Комната за дверью оказалась заставлена раскладушками, а от пола разило хлоркой. Кроха Берт повел меня через ряды спальных мест в кабинет, вполне соответствовавший по размерам своему хозяину (как, впрочем, и мне); здесь стоял крошечный письменный стол, металлический шкафчик для хранения документов да два раскладных стула, на которые мы и сели. Чересчур яркий свет невыгодно подчеркивал его угреватую кожу.
— Не сочти меня за ненормального, — сказал он, помахав журналом перед моим носом. — Я, видишь ли, завел кошку, а раньше котов никогда не держал. Но что-то она пока мне не очень нравится. Вместо того чтобы, как ей положено, поддерживать моральное состояние, она на постелях справляет малую нужду.

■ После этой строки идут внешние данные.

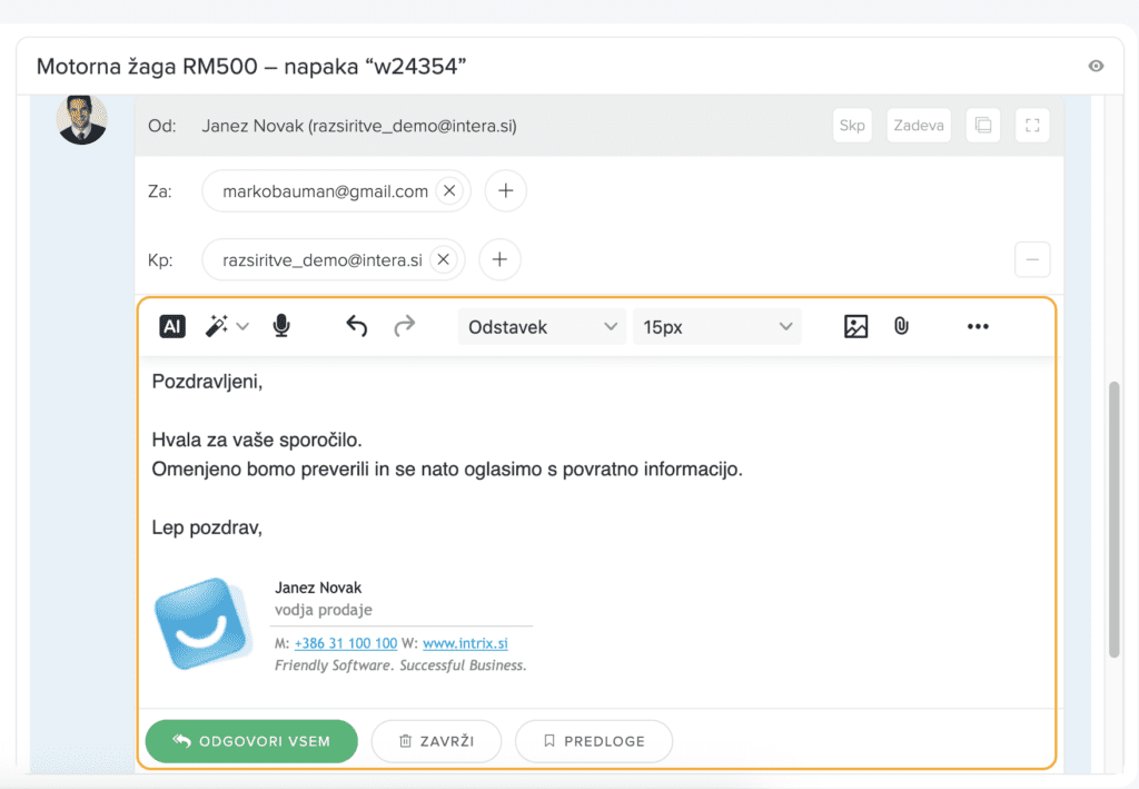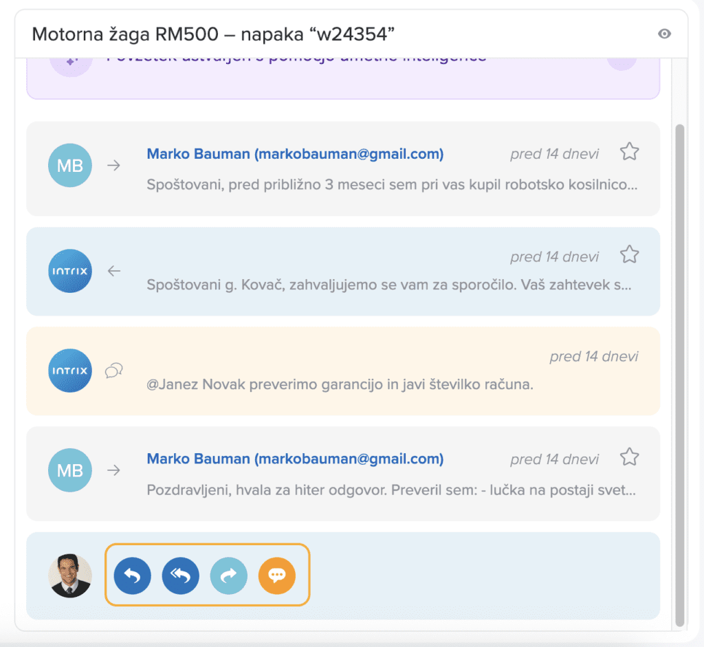 Pod vsakim sporočilom imamo na voljo štiri možnosti za nadaljnjo komunikacijo. Odločimo se lahko, da odgovorimo le pošiljatelju, da odgovorimo vsem osebam, ki so vključene v komunikacijo (v poljih “Za” in “Kopija“), da sporočilo posredujemo naprej ali pa dodamo interni komentar.

— А у меня кот, — проявила я инициативу, удивившись вдруг нахлынувшей на меня нежности к Баку. — Вообще-то если кошки или коты гадят за пределами своего туалета, значит, скорее всего, они чем-то недовольны.
— Правда?
— Да, но в остальном с ними не очень много хлопот.
— Хм, — произнес Берт Нолан, — значит, папу ищешь? Да-да, вспоминаю наш разговор. Дэй его фамилия? Он, как и большинство здешних постояльцев, учитывая, что они вытворяли дома, был бы счастлив, если бы знал, что его разыскивают. Обычно их волнуют деньги. Или их отсутствие. Безденежье, запои — вряд ли такая жизнь для порядочных людей. Раннер, значит?
— Он прислал письмо и указал этот адрес.
— Хочешь забрать его домой и ухаживать за ним? — Черные глаза Берта заблестели, словно он сам себе рассказал анекдот.
— Пожалуй, нет. Я просто хотела его проведать.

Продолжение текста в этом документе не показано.